There is no specific treatment for XP and management relies on preventing damage where possible, and dealing with damaged or aberrant tissues at an early stage :

• Avoidance of UV light as much as possible.
• Restrict outdoor activities to night time.
• The use of very high factor sun block creams and UV filtering clothing including hats.
• Use of optical UV protection.
• Regular dermatology, ophthalmology and neurology examinations including hearing tests.
• Early surgical removal of skin lesions.
• Oral retinoids can reduce the incidence of skin cancer but overdose causes irreversible calcification of ligaments and tendons and must be avoided.⁶
• 5 fluouracil and other creams may be useful for actinic keratosis.
• Pre-natal screening is possible for parents who already have one affected child, but is not carried out routinely.
• Genetic counselling should be arranged for parents of an affected child if they are considering further pregnancies.
• Psycho-social counselling may be required due to problems brought about by physical appearance or restrictions brought about by the disease.

• Actinic damage occurs between 1 and 2 years old.
• The mean age of skin cancer in these patients is 8 years old,⁴ compared with 60 in the general population.
• There is an increased risk of many malignancies including internal malignancies and brain tumours.²
• Death is often from malignant melanoma or squamous cell carcinoma.

The prognosis varies with the severity of the genetic disorder and the success in avoiding UV light and vigilance of screening.
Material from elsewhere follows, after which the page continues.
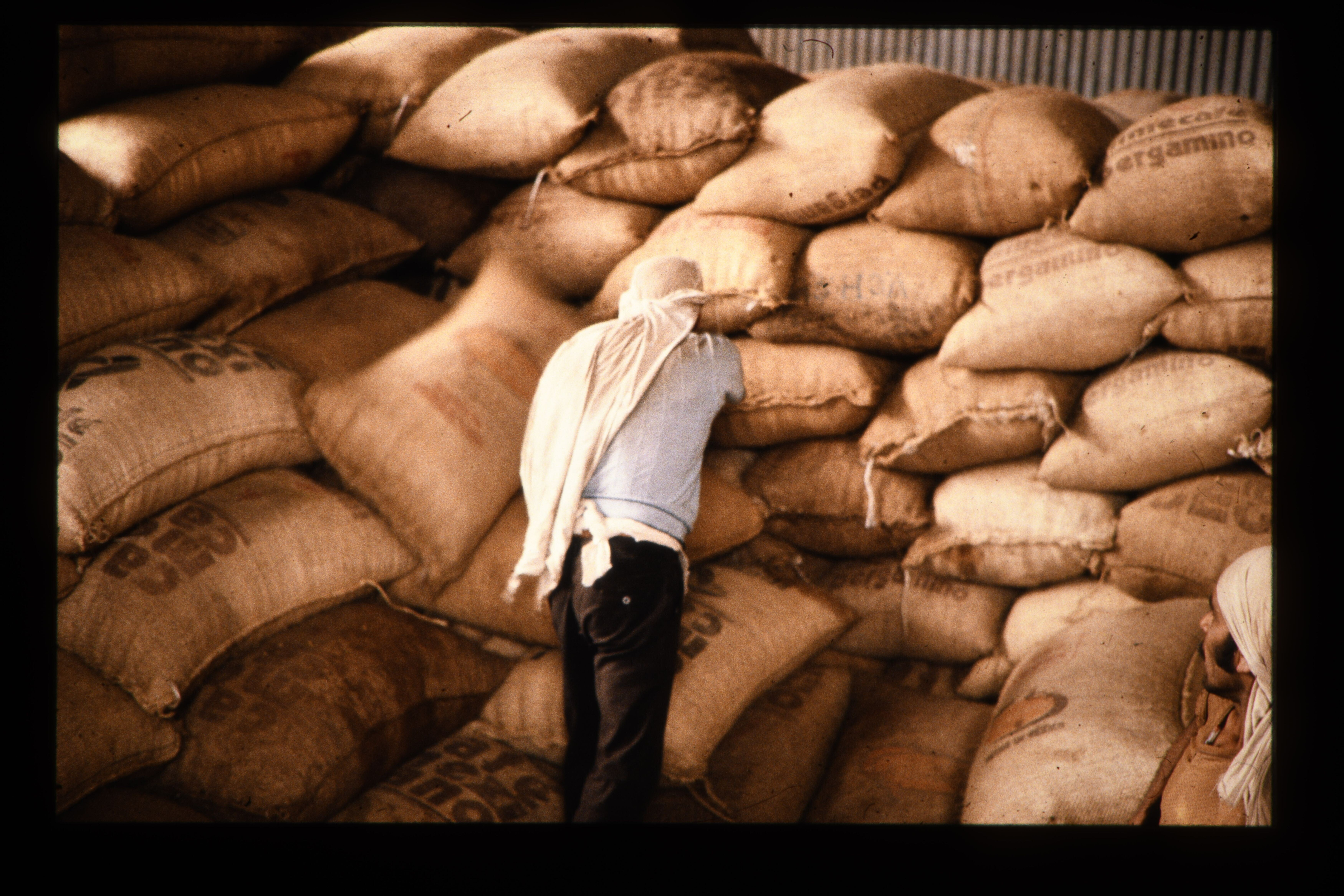 'Koffiefabriek. Verwerking van de koffie branderij, transport, selectie, inpakken in zakken, export naar o.a. Europa. Veel handarbeid o.a. tilwerk wordt door mensen gedaan die de bijnaam burros (werkezels) hebben. San Juan Ixhuatepec.'

Despite all efforts, many sufferers will die as a result of a malignancy. A small sample found that death related to neurological involvement was common.⁷ A few with milder disease may survive to middle age but fewer than 40% of patients survive beyond age 20 years.
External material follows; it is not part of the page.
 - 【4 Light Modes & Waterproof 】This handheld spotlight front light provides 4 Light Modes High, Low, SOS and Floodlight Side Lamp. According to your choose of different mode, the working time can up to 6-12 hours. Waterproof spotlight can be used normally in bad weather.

Antenatal diagnosis is possible by amniocentesis or chorionic villus sampling. Unscheduled DNA synthesis is the classic method for diagnosis. A faster technique is the alkaline comet assay.⁸

The condition was first described in 1874 by Hebrew and Kaposi. In 1882, Kaposi coined the term xeroderma pigmentosum to reflect the characteristic dry, pigmented skin. The skin is very susceptible to the changes caused by the sun including photosensitivity, pigmentary changes, premature aging, and malignant tumours. There is a defect in DNA repair.

The basic defect is in repair of DNA damaged by ultraviolet light. Nucleotide excision repair (NER) normally removes DNA damaged by UV radiation and replaces it with new DNA. There are two types of NER: global genome (GG-NER) and transcription coupled (TC-NER).
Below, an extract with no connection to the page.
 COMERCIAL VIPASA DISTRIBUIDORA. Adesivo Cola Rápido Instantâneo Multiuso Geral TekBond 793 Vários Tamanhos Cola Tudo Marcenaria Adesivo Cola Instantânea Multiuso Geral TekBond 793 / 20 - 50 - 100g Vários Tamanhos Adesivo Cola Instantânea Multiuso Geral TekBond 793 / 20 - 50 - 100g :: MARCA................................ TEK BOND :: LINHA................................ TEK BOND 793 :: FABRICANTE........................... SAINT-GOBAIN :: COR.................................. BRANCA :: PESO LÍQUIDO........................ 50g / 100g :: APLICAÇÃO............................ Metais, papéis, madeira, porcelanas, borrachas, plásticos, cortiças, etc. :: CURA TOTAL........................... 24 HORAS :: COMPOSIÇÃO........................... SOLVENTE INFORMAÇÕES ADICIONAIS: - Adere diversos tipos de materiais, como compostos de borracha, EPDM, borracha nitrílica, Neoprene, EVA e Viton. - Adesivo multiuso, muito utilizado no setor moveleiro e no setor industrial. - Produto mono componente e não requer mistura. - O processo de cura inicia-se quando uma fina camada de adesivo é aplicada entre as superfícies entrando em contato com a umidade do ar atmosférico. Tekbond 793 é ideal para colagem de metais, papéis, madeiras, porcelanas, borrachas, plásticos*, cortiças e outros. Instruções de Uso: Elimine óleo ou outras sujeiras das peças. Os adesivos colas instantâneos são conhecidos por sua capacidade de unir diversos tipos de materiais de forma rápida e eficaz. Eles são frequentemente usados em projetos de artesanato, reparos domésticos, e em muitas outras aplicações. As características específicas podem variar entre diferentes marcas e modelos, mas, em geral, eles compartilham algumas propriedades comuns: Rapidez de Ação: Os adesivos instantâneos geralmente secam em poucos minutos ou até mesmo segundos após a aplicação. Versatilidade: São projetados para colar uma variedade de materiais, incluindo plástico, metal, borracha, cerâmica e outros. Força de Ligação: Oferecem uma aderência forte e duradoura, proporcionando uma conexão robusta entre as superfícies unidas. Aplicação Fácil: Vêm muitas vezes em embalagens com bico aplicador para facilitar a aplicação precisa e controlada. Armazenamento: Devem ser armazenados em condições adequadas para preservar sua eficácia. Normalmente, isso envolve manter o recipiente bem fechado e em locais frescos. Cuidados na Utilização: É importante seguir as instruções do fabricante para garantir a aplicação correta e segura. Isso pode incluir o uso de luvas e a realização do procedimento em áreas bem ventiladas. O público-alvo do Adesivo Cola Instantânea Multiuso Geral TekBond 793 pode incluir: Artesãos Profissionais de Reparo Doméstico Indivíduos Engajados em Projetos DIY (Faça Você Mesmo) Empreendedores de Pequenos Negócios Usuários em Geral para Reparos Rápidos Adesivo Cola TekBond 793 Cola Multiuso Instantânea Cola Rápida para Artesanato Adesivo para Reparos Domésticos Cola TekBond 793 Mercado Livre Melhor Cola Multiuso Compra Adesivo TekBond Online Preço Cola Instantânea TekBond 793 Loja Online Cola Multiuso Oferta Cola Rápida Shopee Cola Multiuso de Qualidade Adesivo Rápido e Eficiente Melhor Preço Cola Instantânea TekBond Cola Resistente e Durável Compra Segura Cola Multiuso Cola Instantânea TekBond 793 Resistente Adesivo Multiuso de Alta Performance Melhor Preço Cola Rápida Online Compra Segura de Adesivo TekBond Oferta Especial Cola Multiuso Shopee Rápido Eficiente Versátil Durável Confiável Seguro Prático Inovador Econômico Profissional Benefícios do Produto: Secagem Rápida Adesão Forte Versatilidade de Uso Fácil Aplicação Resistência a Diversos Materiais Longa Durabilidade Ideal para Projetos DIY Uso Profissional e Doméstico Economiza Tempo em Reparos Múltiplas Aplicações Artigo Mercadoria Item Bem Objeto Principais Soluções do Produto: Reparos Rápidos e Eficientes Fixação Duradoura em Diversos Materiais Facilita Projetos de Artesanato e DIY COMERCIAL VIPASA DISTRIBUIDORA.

Seven XP repair genes have been identified and named XPA through to XPG. These genes are fundamental to both GG-NER and TC-NER. They detect damaged DNA as well as repairing it.

The 7 complementation groups, named XPA to XPG, corresponding to defects in the production of XPA-XPG genes. The rarity varies. XPA is relatively common, whilst XPE is very rare. Disease is severe in XPG but milder with XPF. Cockayne syndrome can rarely occur with XPB, XPD, and XPG.

UV-B radiation also has immunosuppressive effects. Typical features of immune suppression, such as multiple infections, are not usually seen with XP but immunological abnormalities have been described in the skin of patients. There is depletion of Langerhans cells induced by UV radiation. Other defects in cell-mediated immunity have been reported. These defects include impaired cutaneous responses to recall antigens, decreased circulating T-helper cells-to-suppressor cells ratio, impaired lymphocyte proliferative responses to mitogen, impaired production of interferon in lymphocytes, and reduced natural killer cell activity.